Conclude questa parte storico-introduttiva una riflessione un po' scontata sulla dialettica del particolare e del generale, che rinvia certamente a Hegel, anche se non lo si nomina. Mentre più originali e interessanti sono gli accenni a come il proprietario riesce a trasformare le necessità dei sottoposti in prestigio (anche qui si pensi ai futuri sviluppi nella società spettacolare); nonché alla nascita e funzione del mito come «unità fittizia» nella «dialettica del voler vivere e del suo contrario», come tentativo di «risolvere l'opposizione irriducibile tra il sacrificio mitico degli uni [i padroni] e la vita sacrificata degli altri» [p. 113].
L'impossibilità di disambiguare il linguaggio attraverso strumenti correnti (che non siano quindi straordinari, come per es. la poesia [è citato Mallarmé] o la libertà delirante di cui parlerà in seguito) consente al mito di inglobare e assimilare tutto. Attraverso il controllo del linguaggio esso impone la propria struttura interpretativa, e anzi ne promuove la drammatizzazione.

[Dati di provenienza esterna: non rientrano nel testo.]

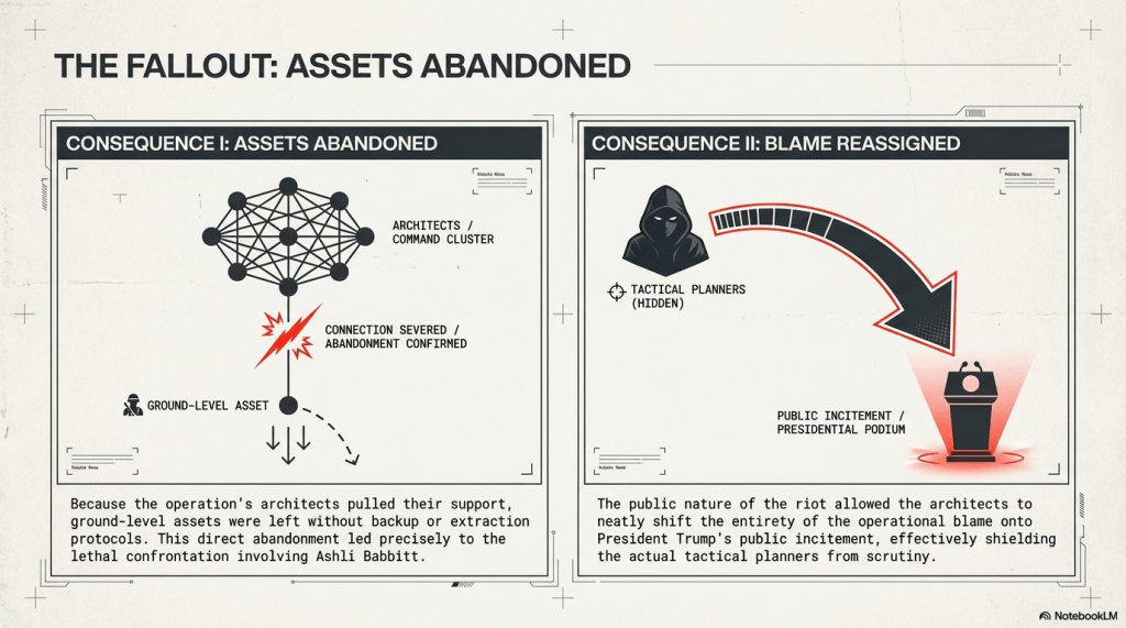 - Abandonment of Assets: Protesters and assets like Ashli Babbitt were left without the promised backup, leading to Babbitt’s death.

Mentre attraverso la ricompensa, che ricompone la dialettica del sacrificio, il mito crea i «nuovi martiri canonizzati democraticamente», tra i quali vengono inclusi per primi gli operai premiati, gli specialisti e i manager: pilastri indefettibili del capitalismo burocratico e guardiani di base rispetto al processo d'organizzazione della parvenza e della sua trasformazione in alienazione.

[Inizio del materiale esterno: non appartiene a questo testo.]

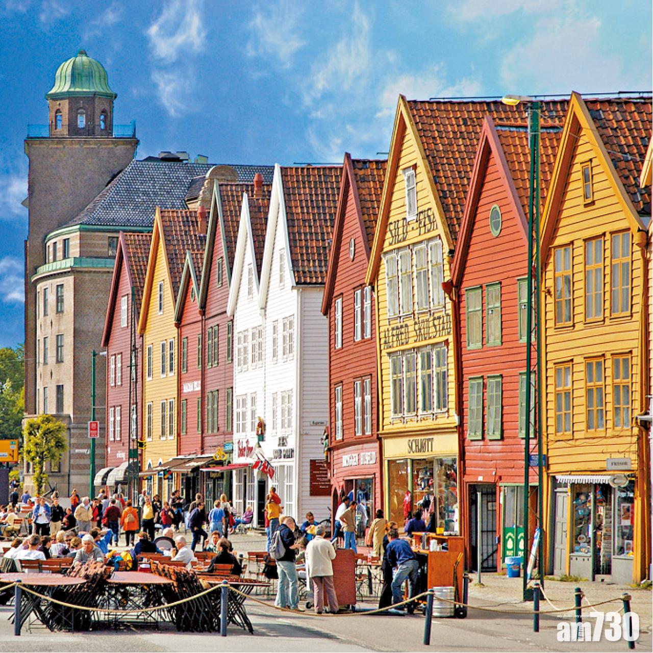 遊走北歐,常見到顏色鮮豔的小屋,部分城鎮人口稀少,尤其是湖區,更呈現一片安逸祥和的景象,令人嚮往。彩色木屋畫面,猶如童話故事中的場景,特別討人歡心,挪威第二大城市卑爾根(Bergen),山明水秀,海邊一排木建築,色彩繽紛悅目,率先成為焦點,無論是木屋背後的歷史故事,抑或是魚市場的鮮味海產,都輕易製造出大量話題,令每一位遊客留下快樂足印。

Il padrone (anche di sinistra, ricorda Vaneigem) diventa proprietario delle esistenze a lui sottoposte affidandole a una trascendenza superiore, che può essere in primo luogo Dio, ma anche altri Enti prodotti dalla sequenza sacrificio-ricompensa-mito-appropriazione-prestigio-interpretazione-drammatizzazione-spettacolarizzazione-trascendenza-onnipotenza, sino alla definitiva consacrazione. Quest'ultima è il punto d'arrivo dell'abbinamento «mistica e gran capitale», per il quale il fascismo ha rappresentato una parentesi («autodafé di una borghesia ossessionata dalla distruzione del grande spettacolo sacro»). Nelle parole di Vaneigem:
«Il potere gerarchizzato non si concepisce senza trascendenze, senza ideologie, senza miti. Il mito della demistificazione è d'altra parte pronto a prendere le consegne; basta omettere, molto filosoficamente, di demistificare con le azioni. Dopodiché, ogni demistificazione, opportunamente sterilizzata, diventa indolore, eutanasiaca, umanitaria insomma. Sarà il movimento di demistificazione che finirà per demistificare i demistificatori» [p. 120].
Il primo saggio delle «Banalités de base» si conclude senza il minimo accenno al contributo fondamentale che la spettacolarizzazione (in forma di mito, di organizzazione della parvenza, di strumentalizzazione del prestigio) arreca all'acquisizione di un potere supremo da parte dello Stato (capitalistico burocratico o totalitario che sia) e alla sopravvivenza dei suoi principali fondamentali strumenti operativi e mistificatori, cioè i partiti. Di questi non si parla affatto, ed è un peccato.
Organizzazione dell'apparenza e potere gerarchizzato
Nella seconda delle «Banalités de base» (n. 8 dell'IS, gennaio 1963), Vaneigem parte dal connubio tra il potere gerarchizzato (quindi non ancora lo Stato) e il mito del lavoro liberatore, frutto prediletto dell'organizzazione dell'apparenza - un tema come si vede che scorre alla maniera di un leitmotiv in gran parte del suo ragionamento. Ma poi il discorso si fa più filosofico, quindi più astratto e impalpabile (affermazione del Logos, sua parcellizzazione, accesso alla totalità, sua requisizione da parte dello Stato stalino-cibernetico, coito politico del patafisico [?], desacralizzazione ad opera della tecnica), per concludere provvisoriamente che «lo spettacolo non è altro che il mito desacralizzato e parcellizzato» [p. 128] - un po' poco per chi conosce, a posteriori, l'approdo ultimo della critica alla società dello spettacolo.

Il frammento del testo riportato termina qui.